Problem details: The lines below, from the one containing "At the end of" through the one containing "- Material-Kompatibilität: Verwenden", should be set down exactly, with no pictures and nothing else.

Input for this task:
┄┄┄┄┄┄

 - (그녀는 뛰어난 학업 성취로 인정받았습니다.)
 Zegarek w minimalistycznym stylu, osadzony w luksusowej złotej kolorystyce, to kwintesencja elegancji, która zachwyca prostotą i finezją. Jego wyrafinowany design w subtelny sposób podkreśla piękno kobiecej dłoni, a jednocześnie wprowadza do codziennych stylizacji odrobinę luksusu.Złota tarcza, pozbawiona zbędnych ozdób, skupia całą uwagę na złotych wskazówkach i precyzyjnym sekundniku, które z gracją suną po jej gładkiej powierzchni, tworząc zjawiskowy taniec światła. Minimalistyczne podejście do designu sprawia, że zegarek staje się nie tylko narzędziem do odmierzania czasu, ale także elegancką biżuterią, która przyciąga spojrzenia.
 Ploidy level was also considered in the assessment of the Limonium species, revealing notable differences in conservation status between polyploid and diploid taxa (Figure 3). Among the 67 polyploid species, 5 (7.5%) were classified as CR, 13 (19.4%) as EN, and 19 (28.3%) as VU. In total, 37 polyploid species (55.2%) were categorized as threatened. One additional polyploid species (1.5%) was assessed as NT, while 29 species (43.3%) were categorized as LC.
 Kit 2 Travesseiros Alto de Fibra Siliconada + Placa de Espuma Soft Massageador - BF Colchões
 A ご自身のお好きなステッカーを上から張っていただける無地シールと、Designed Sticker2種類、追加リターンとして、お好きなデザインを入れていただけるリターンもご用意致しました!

┄┄┄┄┄┄

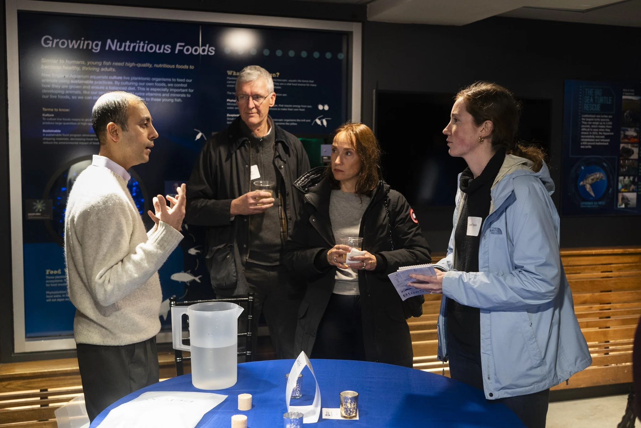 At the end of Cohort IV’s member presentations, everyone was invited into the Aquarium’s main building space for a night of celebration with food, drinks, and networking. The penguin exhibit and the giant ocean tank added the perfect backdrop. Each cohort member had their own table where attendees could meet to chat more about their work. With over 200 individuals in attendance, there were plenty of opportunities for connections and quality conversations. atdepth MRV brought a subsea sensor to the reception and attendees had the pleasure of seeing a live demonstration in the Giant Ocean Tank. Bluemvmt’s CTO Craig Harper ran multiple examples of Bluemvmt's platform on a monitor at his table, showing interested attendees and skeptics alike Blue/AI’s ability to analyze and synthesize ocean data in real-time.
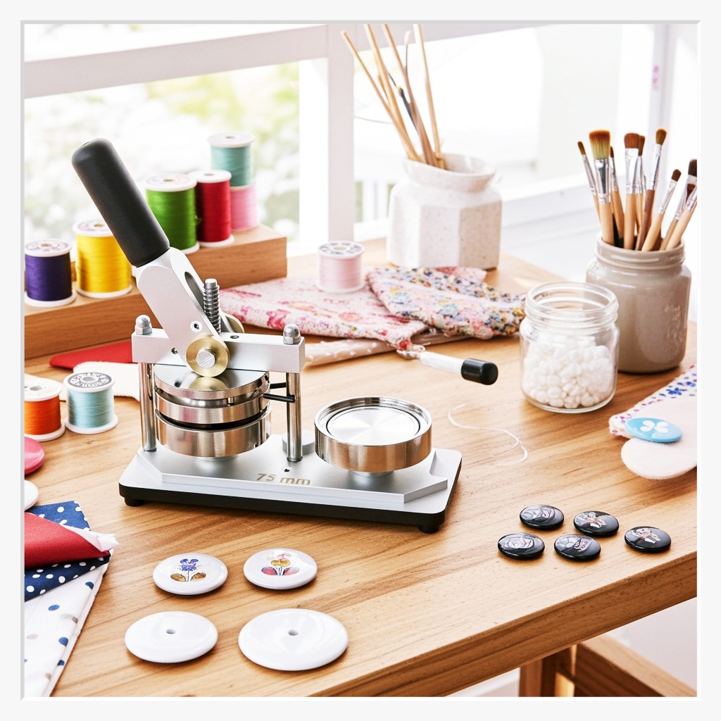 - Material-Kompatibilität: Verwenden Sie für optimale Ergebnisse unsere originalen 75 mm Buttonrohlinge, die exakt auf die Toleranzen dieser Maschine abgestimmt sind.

┄┄┄┄┄┄

Response to this task:
 At the end of Cohort IV’s member presentations, everyone was invited into the Aquarium’s main building space for a night of celebration with food, drinks, and networking. The penguin exhibit and the giant ocean tank added the perfect backdrop. Each cohort member had their own table where attendees could meet to chat more about their work. With over 200 individuals in attendance, there were plenty of opportunities for connections and quality conversations. atdepth MRV brought a subsea sensor to the reception and attendees had the pleasure of seeing a live demonstration in the Giant Ocean Tank. Bluemvmt’s CTO Craig Harper ran multiple examples of Bluemvmt's platform on a monitor at his table, showing interested attendees and skeptics alike Blue/AI’s ability to analyze and synthesize ocean data in real-time.
 - Material-Kompatibilität: Verwenden Sie für optimale Ergebnisse unsere originalen 75 mm Buttonrohlinge, die exakt auf die Toleranzen dieser Maschine abgestimmt sind.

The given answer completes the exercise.